I had such fun reading Out of My Head by Tim Parks (in which he writes of his fascination with theories of consciousness after learning to meditate, and about which I posted here) that I immediately followed up with another marathon reading of another of his books, Teach Us to Still, which tells how he came to be meditating in the first place.

From the Forward:
“I never expected to write a book about the body. Least of all my body. How indiscreet. But then I never expected to be ill in the mysterious, infuriating way I have…

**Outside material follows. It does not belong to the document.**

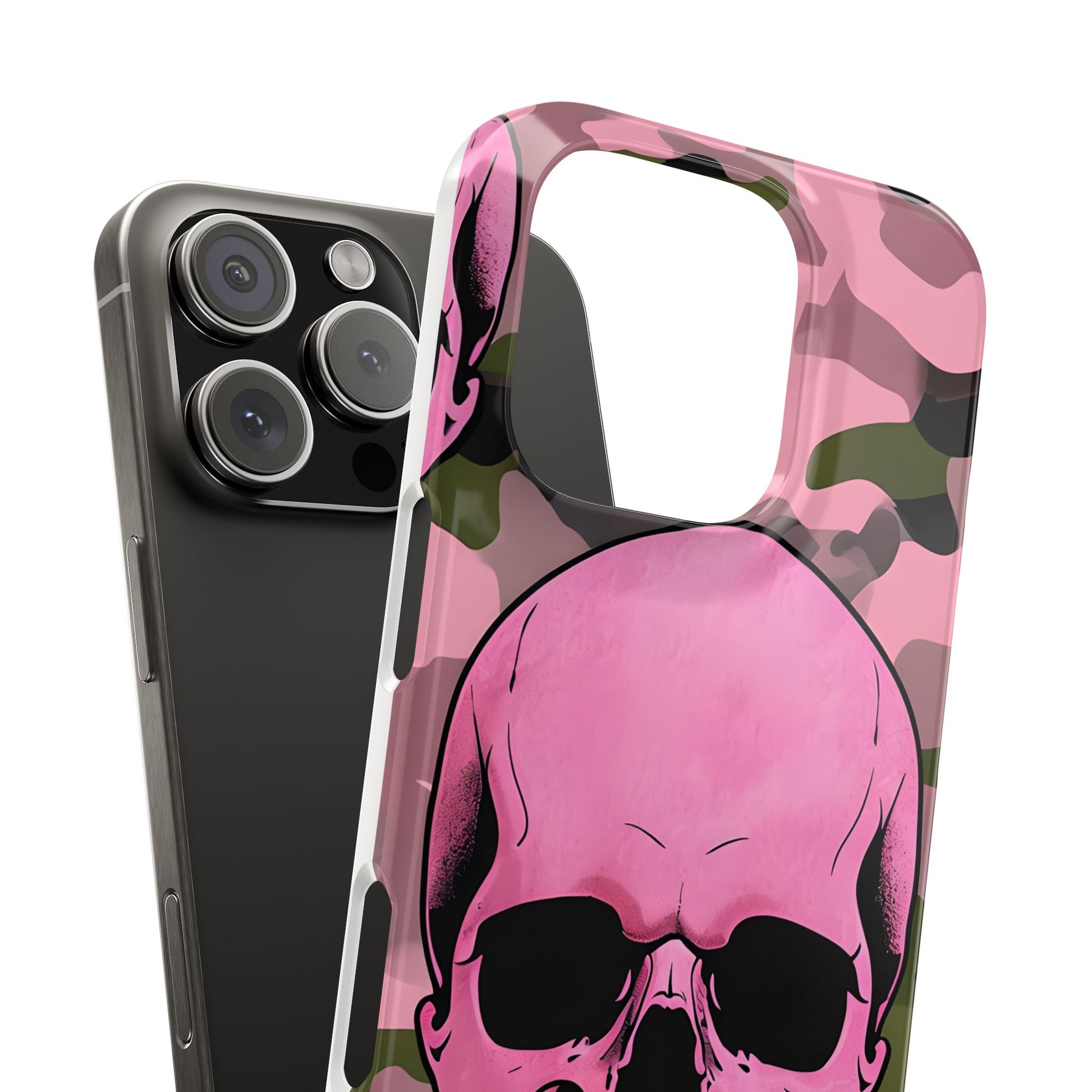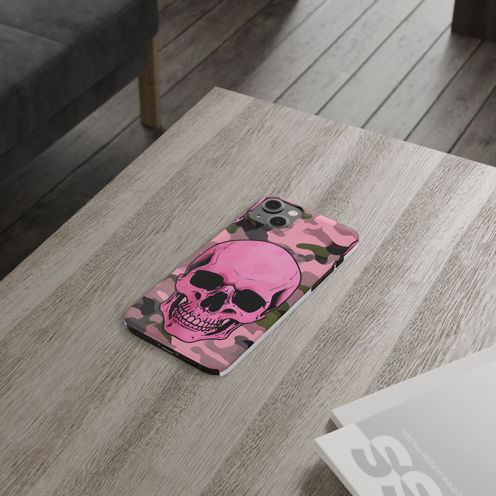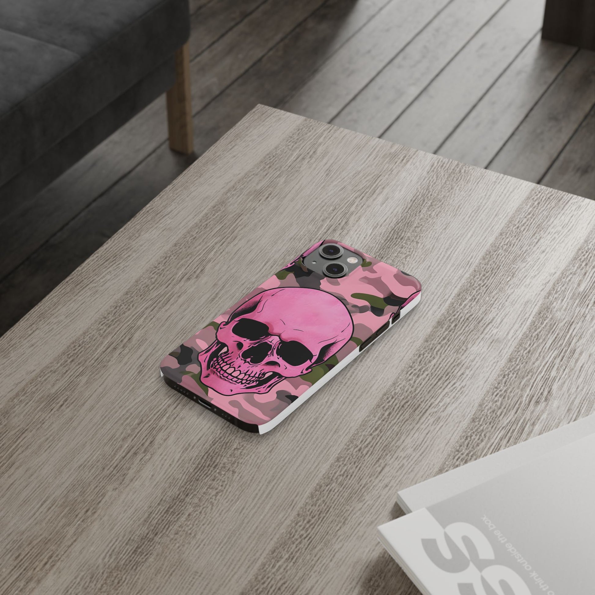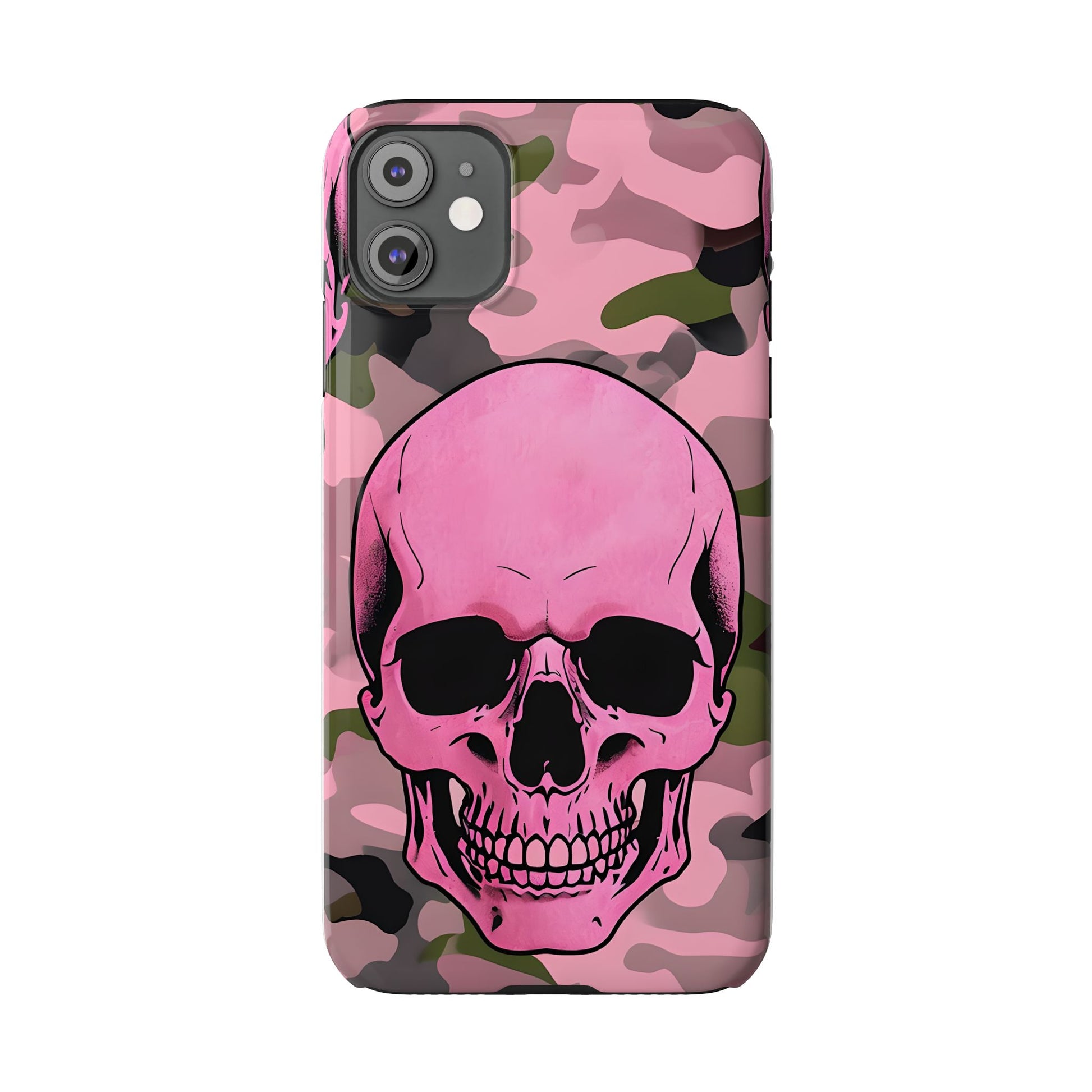 Pink Camo Skull Phone Case, Slim Case for iPhone, Edgy Phone Accessory, Unique Gift for Her, Trendy Tech Lover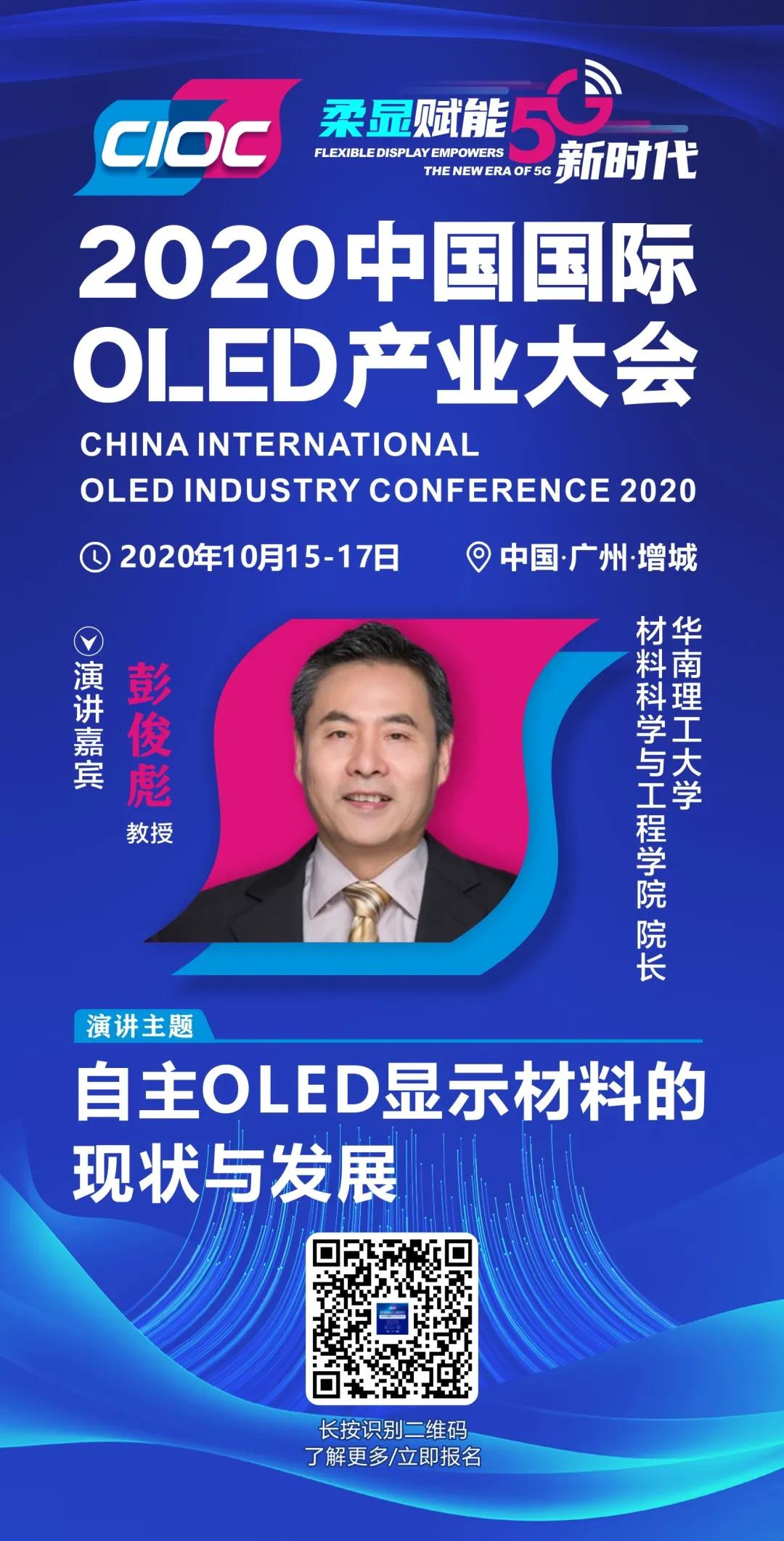 華南理工大學材料科學與工程學院院長彭俊彪教授已確認出席2020中國國際OLED產業大會。

“I had no desire to tell anyone about my malady, let alone write about it. These were precisely the pains and humiliations one learns early on not to mention. You need only look at the words medicine uses — intestines, feces, urethra, bladder, sphincter, prostate — to appreciate that this vocabulary was never meant to be spoken in company. We just don’t want to go there. My plan, like anyone else’s, was to confide in doctors and pretend it wasn’t happening.

“On the other hand, this is reality, and in my case there was the happy truth that just when the medical profession had given up on me and I on it, just when I seemed to be walled up in a life sentence of chronic pain, someone proposed a bizarre way out: sit still, they said, and breathe.

“I sat still. I breathed.

“It seemed a tedious exercise at first, rather painful, not immediately effective. Eventually it proved so exciting, so transforming, physically and mentally, that I began to think my illness had been a stroke of luck.”


The book is quite a read. Especially when it (finally) gets to the part about learning to meditate:

“I felt I knew what he [the meditation teacher] meant when he spoke of everything flowing, mind and material dissolving into energy. Nor was it unthinkable that the strange pains I had been feeling had in some way to do with all those years of sitting tensely, racking my brains over sheets of empty paper, building up hopes, rejoicing over some small achievement, overreacting to setbacks and disappointments.

“And it was true that if you placed yourself, or your attention, as it were beside the pains, if you just sat together with them and let them be, not reacting or wishing them away, they did in the end subside.

“Likewise the thoughts: if you let them bubble up without judging them, or engaging them in any way, they gradually fizzled out. What’s more, you felt that a certain serenity had been acquired in this process, an understanding that much of the pain we feel comes from our reaction to pain, much of our agitation from our excitement with agitation.

“…paradoxically, letting go, you actually gained control, albeit of a different kind from the control you’d spent your life seeking.”